Re: [PATCH v3 perf, bpf-next 1/4] perf, bpf: Introduce PERF_RECORD_BPF_EVENT

From: Song Liu
Date: Fri Dec 14 2018 - 12:13:06 EST




> On Dec 14, 2018, at 5:48 AM, Arnaldo Carvalho de Melo <acme@xxxxxxxxxx> wrote:
>
> Em Thu, Dec 13, 2018 at 09:48:57PM +0000, Song Liu escreveu:
>>
>>
>>> On Dec 13, 2018, at 10:45 AM, Peter Zijlstra <peterz@xxxxxxxxxxxxx> wrote:
>>>
>>> On Wed, Dec 12, 2018 at 01:33:20PM -0500, Steven Rostedt wrote:
>>>> On Wed, 12 Dec 2018 19:05:53 +0100
>>>> Peter Zijlstra <peterz@xxxxxxxxxxxxx> wrote:
>>>>
>>>>> On Wed, Dec 12, 2018 at 05:09:17PM +0000, Song Liu wrote:
>>>>>>> And while this tracks the bpf kallsyms, it does not do all kallsyms.
>>>>>>>
>>>>>>> .... Oooh, I see the problem, everybody is doing their own custom
>>>>>>> kallsym_{add,del}() thing, instead of having that in generic code :-(
>>>>>>>
>>>>>>> This, for example, doesn't track module load/unload nor ftrace
>>>>>>> trampolines, even though both affect kallsyms.
>>>>>>
>>>>>> I think we can use PERF_RECORD_MMAP(or MMAP2) for module load/unload.
>>>>>> That could be separate sets of patches.
>>>>>
>>>>> So I would actually like to move bpf_lock/bpf_kallsyms/bpf_tree +
>>>>> bpf_prog_kallsyms_*() + __bpf_address_lookup() into kernel/kallsyms.c
>>>>> and also have ftrace use that.
>>>>>
>>>>> Because currently the ftrace stuff is otherwise invisible.
>>>>>
>>>>> A generic kallsym register/unregister for any JIT.
>>>>
>>>> That's if it needs to look up the symbols that were recorded when init
>>>> was unloaded.
>>>>
>>>> The ftrace kallsyms is used to save the function names of init code
>>>> that was freed, but may have been recorded.

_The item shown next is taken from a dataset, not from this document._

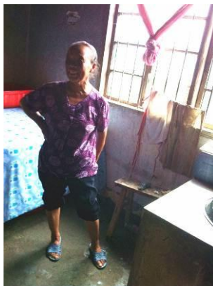
图 3 刘家村学校厨师

调查人员来到该校时厨师已经锁门回家,经杨老师电话联系后其赶来学校,目测其个人卫生情况一般。

With out the ftrace
>>>> kallsyms the functions traced at init time would just show up as hex
>>>> addresses (not very useful).
>>>>
>>>> I'm not sure how BPF would need those symbols unless they were executed
>>>> during init (module or core) and needed to see what the symbols use to
>>>> be).
>>>
>>> Aah, that sounds entirely dodgy and possibly quite broken. We freed that
>>> init code, so BPF or your trampolines (or a tiny module) could actually
>>> fit in there and insert their own kallsyms, and then we have overlapping
>>> symbols, which would be pretty bad.
>>>
>>> I thought the ftrace kallsym stuff was for the trampolines, which would
>>> be fairly similar to what BPF is doing. And why I'm trying to get a
>>> generic dynamic kallsym thing sorted. There's bound the be other
>>> code-gen things at some point.
>>
>> Hi Peter,
>>
>> I guess you are looking for something for all ksym add/delete events, like;
>>
>> /*
>> * PERF_RECORD_KSYMBOL
>> *
>> * struct {
>> * struct perf_event_header header;
>> * u64 addr;
>> * u32 len;
>> * u16 ksym_type;
>> * u16 flags;
>> * char name[];
>> * struct sample_id sample_id;
>> * };
>> */
>
> Can't this reuse PERF_RECORD_MMAP2 with some bit in the header to mean
> that the name is the symbol name, not a path to some ELF/whatever? The
> ksym type could be encoded in the prot field, PROT_EXEC for functions,
> PROT_READ for read only data, PROT_WRITE for rw data.

Thanks Arnaldo!

I think this works. PERF_RECORD_MMAP2 has many bits in it. We can encode
a lot of details. We can even have bit to differentiate map/unmap.

>
> If we do it that way older tools will show the DSO name and an
> unresolved symbol, and even an indication if its a function or data,
> which is better than not showing anything when processing a new
> PERF_RECORD_KSYMBOL.

For compatibility, we can use attr.bpf_event bit (or attr.mmap2_plus)
to turn on/off new variations of PERF_RECORD_MMAP2. Unless user runs
perf-record and perf-report with different versions of perf tools, we
should not see weird events.

>
> New tools, seeing the perf_event_attr.header bit will know that this is
> a "map" with just one symbol and will show that for both DSO name and
> symbol.
>

Hi Peter,

Could you please share your comments/suggestions on Arnaldo's proposal?

Thanks,
Song